◆ ASSIGNMENT ◆
Give back exactly the lines from the beginning of the listing below to the line holding "London evening advertiser", both ends included; the pictures stay out.

◆ INFORMATION PROVIDED ◆
########
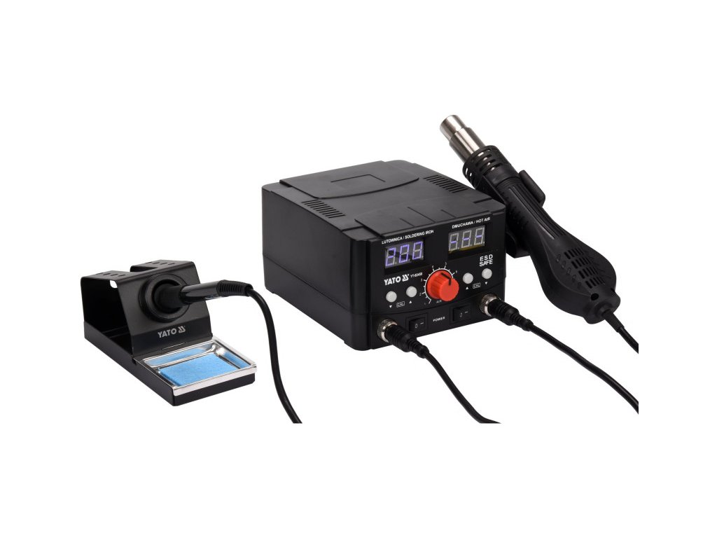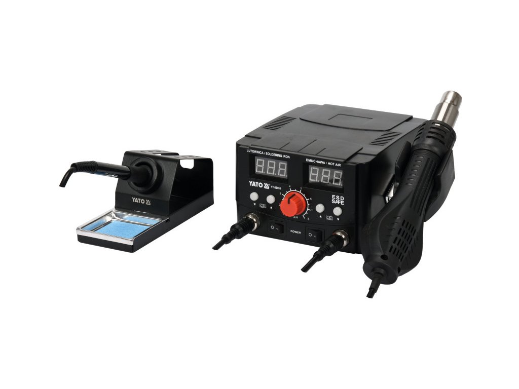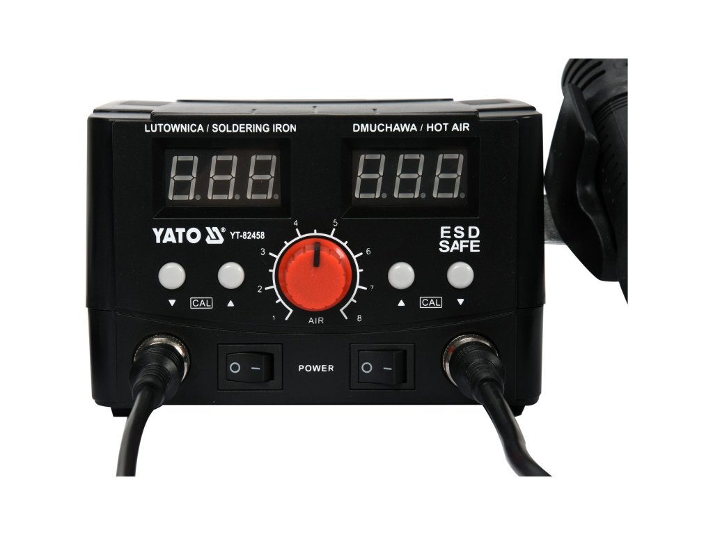 A 2 az 1-ben hőlégfúvós forrasztóállomás YT-82458 szimbólummal az ESD-safe technológiával készült, ami garantálja, hogy a házon nincs felhalmozódott elektrosztatikus töltés. Ez csökkenti az érzékeny SMD áramkörök károsodásának kockázatát. A forrasztóállomás mintegy 15 másodperc alatt melegszik fel 350°C működési hőmérsékletre, a hőfúvás pedig körülbelül 10 másodperc alatt.
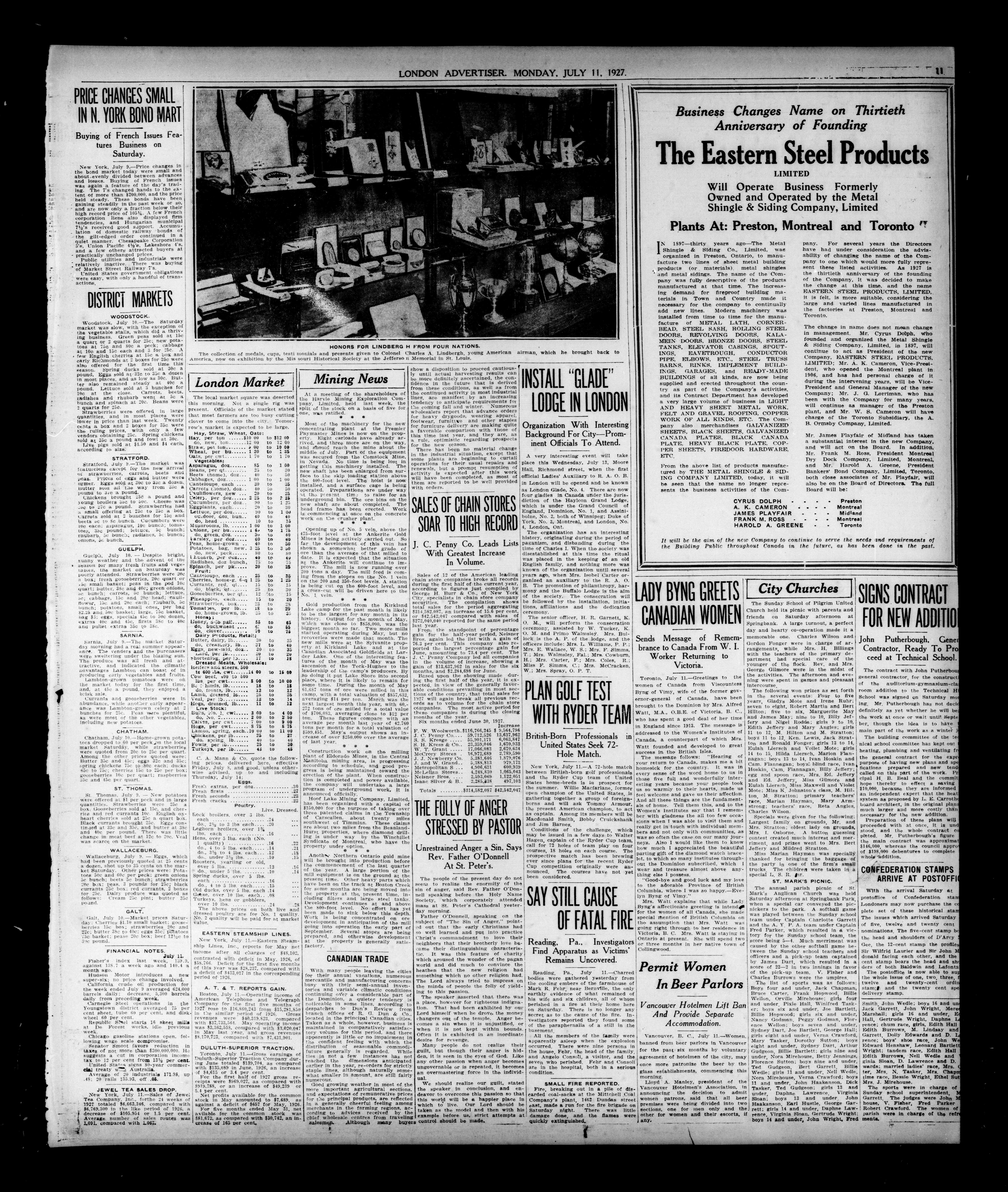 London evening advertiser : 64th Year, No. 24950 (July 11, 1927) - Published
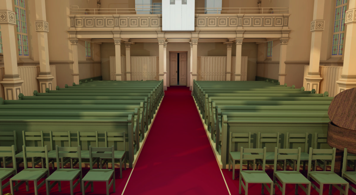 Kuvassa: Suunnitelmissa kuoriosan lattia lasketaan 15 sentillä samaan tasoon viereisen sakastin lattiatason kanssa. Alttaria ollaan madaltamassa ja sen edessä olevat porrasaskelmat poistetaan. Myös alttarikaidetta lyhennetään ja tutkitaan sen muokkaamista siirrettäväksi. Kuoria levitetään yhden porrasaskelman verran kirkkosaliin päin ja se varustetaan luiskalla. Holvikaton maalaukset ja rappaukset konservoidaan. Kirkon etuosaan suunnitellaan paikkaa flyygelille. Myös äänentoisto ja mahdolliset heijastusmahdollisuudet kuuluvat suunnitelmiin.
########
◆ ANSWER TO THIS EXERCISE ◆
 A 2 az 1-ben hőlégfúvós forrasztóállomás YT-82458 szimbólummal az ESD-safe technológiával készült, ami garantálja, hogy a házon nincs felhalmozódott elektrosztatikus töltés. Ez csökkenti az érzékeny SMD áramkörök károsodásának kockázatát. A forrasztóállomás mintegy 15 másodperc alatt melegszik fel 350°C működési hőmérsékletre, a hőfúvás pedig körülbelül 10 másodperc alatt.
 London evening advertiser : 64th Year, No. 24950 (July 11, 1927) - Published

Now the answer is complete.